- **What is needed**
Only the text carries over: repeat the records exactly and drop the images.

- **Exercise data**
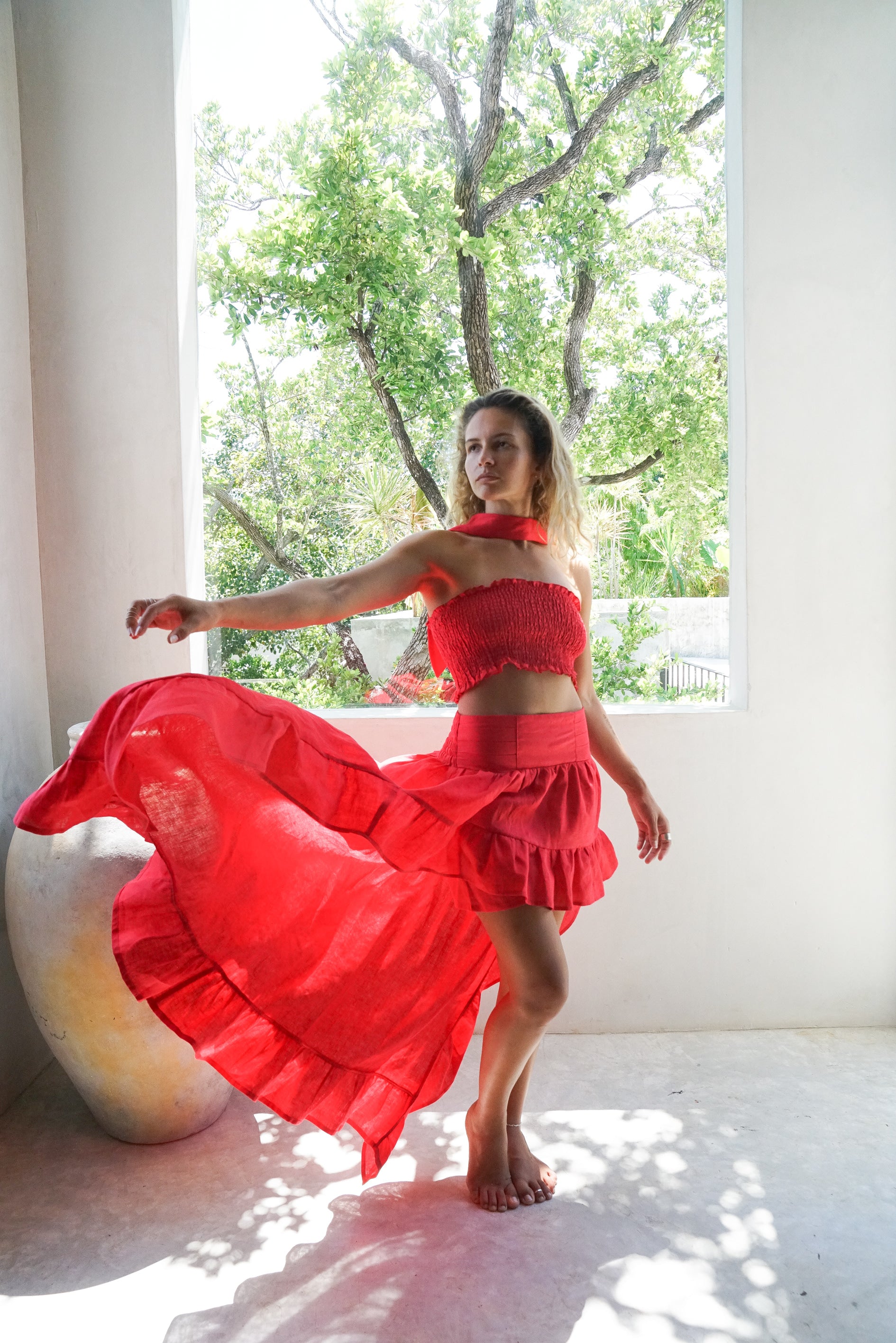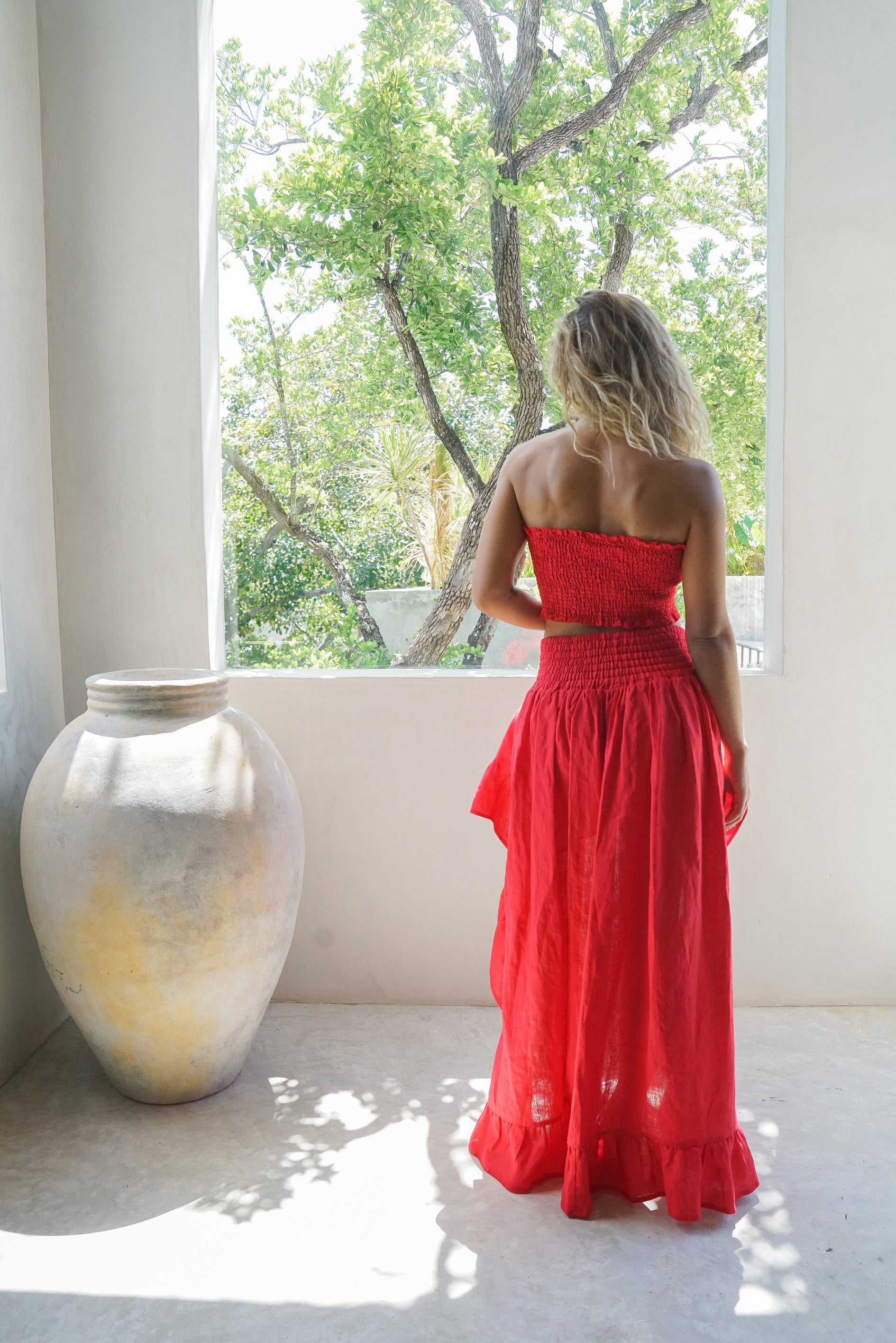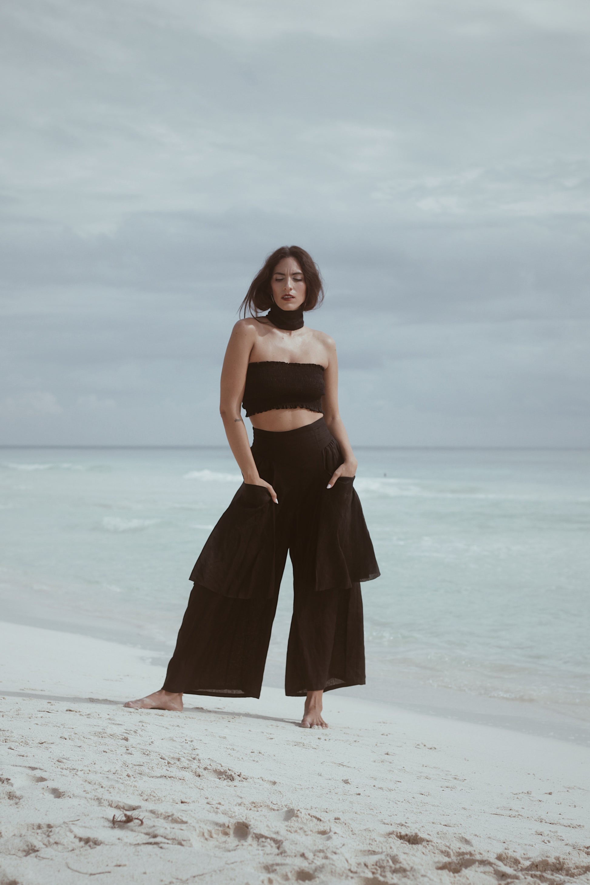 Our Chloe top is beautifully crafted in Italian linen featuring a detachable tie that can be worn in multiple ways.
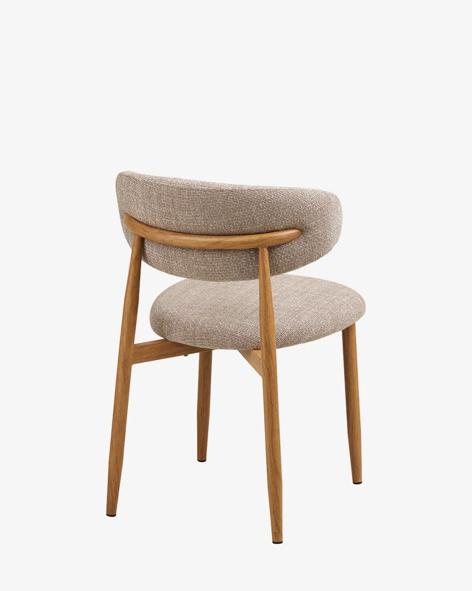Denne stilrene spisebordsstol forener komfort og funktionalitet i et elegant, nordisk design. Stolen har et robust metalstel med flot eg trælook, der giver udtrykket varme og naturlighed – samtidig med, at konstruktionen er let og holdbar.
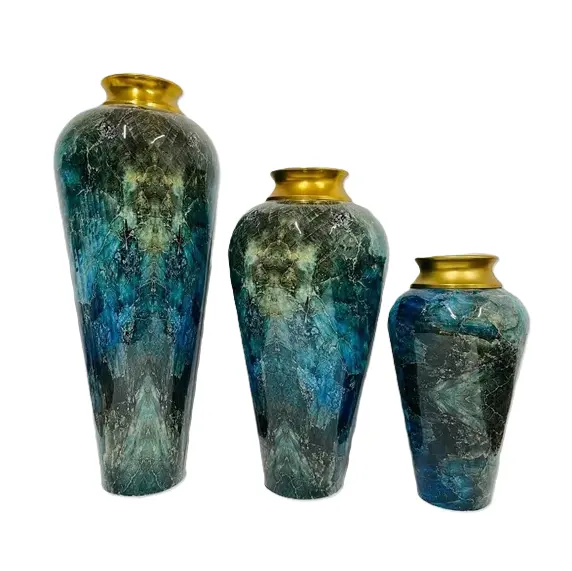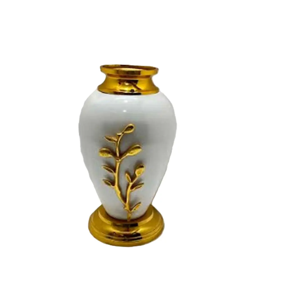 แจกันดอกไม้ทองเหลืองพิมพ์ลายเคลือบสีทองหรูหรา
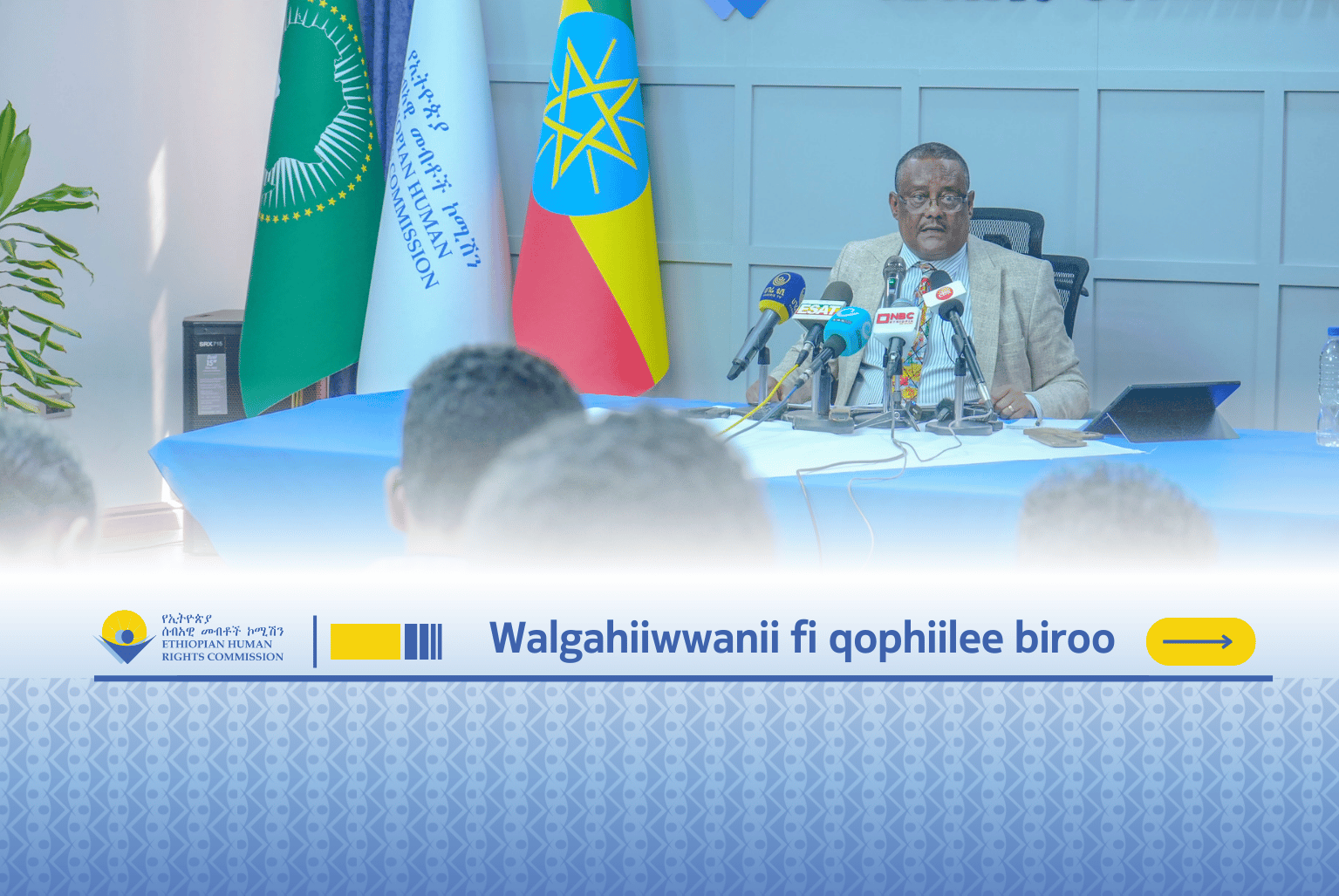 Komishiniin Mirgoota Namoomaa Itiyoophiyaa Gurraandhala 17, 2018, bu’aa hojiiwwan ji’oottan jahan darban keessatti raawwataman irraa argame ilaalchisee, tarkaanfiiwwan jajjabeessaa fi hudhaalee mudatan irratti Waajjira muummee isaatti ibsa gaazexeessitootaaf qopheessanirratti Miidiyaaleen fi ogeeyyiin ibsa gaazexeessitootaaf kenname irratti argamaniiru.
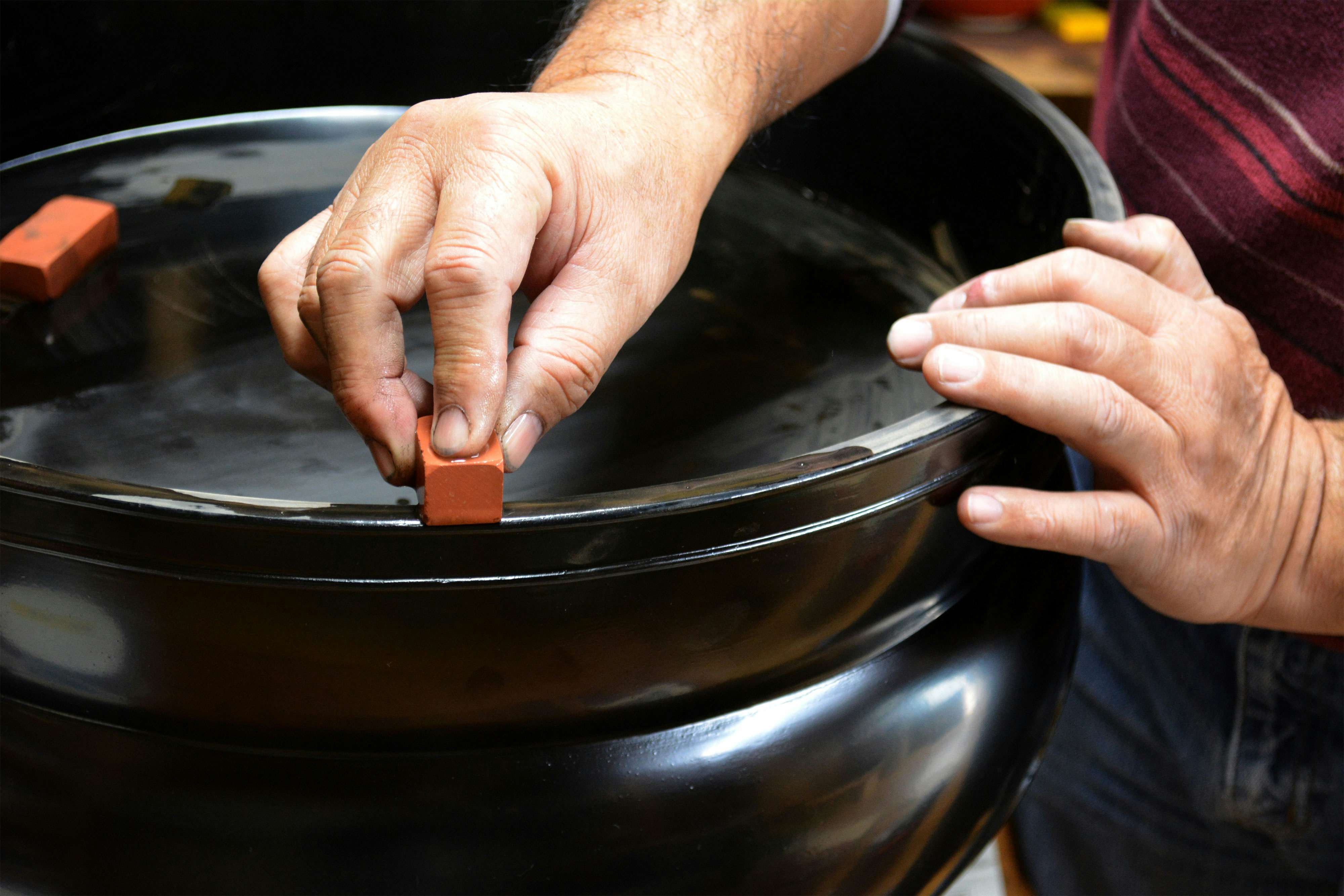 「手わざ」とは、作品を製作する手仕事の高度な技術を意味するもの。沖縄県立博物館・美術館が2015(平成27)年より行ってきた「琉球王国文化遺産集積・再興事業」では、明治以降の近代化や先の戦争で失われた文化財とその製作技術の復元に努めてきた。この事業で完成した作品は、絵画、木彫、石彫、漆芸、染織、陶芸、金工、三線に至る8分野と多岐にわたり、携わった専門家、技術者は県内外100人以上にものぼる。
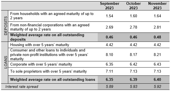 - In November 2023, the weighted average interest rates on outstanding amounts of deposits and loans remained almost unchanged at 0.48% and at 6.40% respectively.
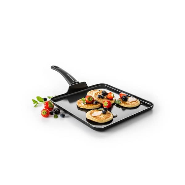 Soft Grip 11 in. Aluminum, PFAS Free Ceramic Non-Stick Square Griddle in Black

- **Response area**
 Our Chloe top is beautifully crafted in Italian linen featuring a detachable tie that can be worn in multiple ways.
Denne stilrene spisebordsstol forener komfort og funktionalitet i et elegant, nordisk design. Stolen har et robust metalstel med flot eg trælook, der giver udtrykket varme og naturlighed – samtidig med, at konstruktionen er let og holdbar.
 แจกันดอกไม้ทองเหลืองพิมพ์ลายเคลือบสีทองหรูหรา
 Komishiniin Mirgoota Namoomaa Itiyoophiyaa Gurraandhala 17, 2018, bu’aa hojiiwwan ji’oottan jahan darban keessatti raawwataman irraa argame ilaalchisee, tarkaanfiiwwan jajjabeessaa fi hudhaalee mudatan irratti Waajjira muummee isaatti ibsa gaazexeessitootaaf qopheessanirratti Miidiyaaleen fi ogeeyyiin ibsa gaazexeessitootaaf kenname irratti argamaniiru.
 「手わざ」とは、作品を製作する手仕事の高度な技術を意味するもの。沖縄県立博物館・美術館が2015(平成27)年より行ってきた「琉球王国文化遺産集積・再興事業」では、明治以降の近代化や先の戦争で失われた文化財とその製作技術の復元に努めてきた。この事業で完成した作品は、絵画、木彫、石彫、漆芸、染織、陶芸、金工、三線に至る8分野と多岐にわたり、携わった専門家、技術者は県内外100人以上にものぼる。
 - In November 2023, the weighted average interest rates on outstanding amounts of deposits and loans remained almost unchanged at 0.48% and at 6.40% respectively.
 Soft Grip 11 in. Aluminum, PFAS Free Ceramic Non-Stick Square Griddle in Black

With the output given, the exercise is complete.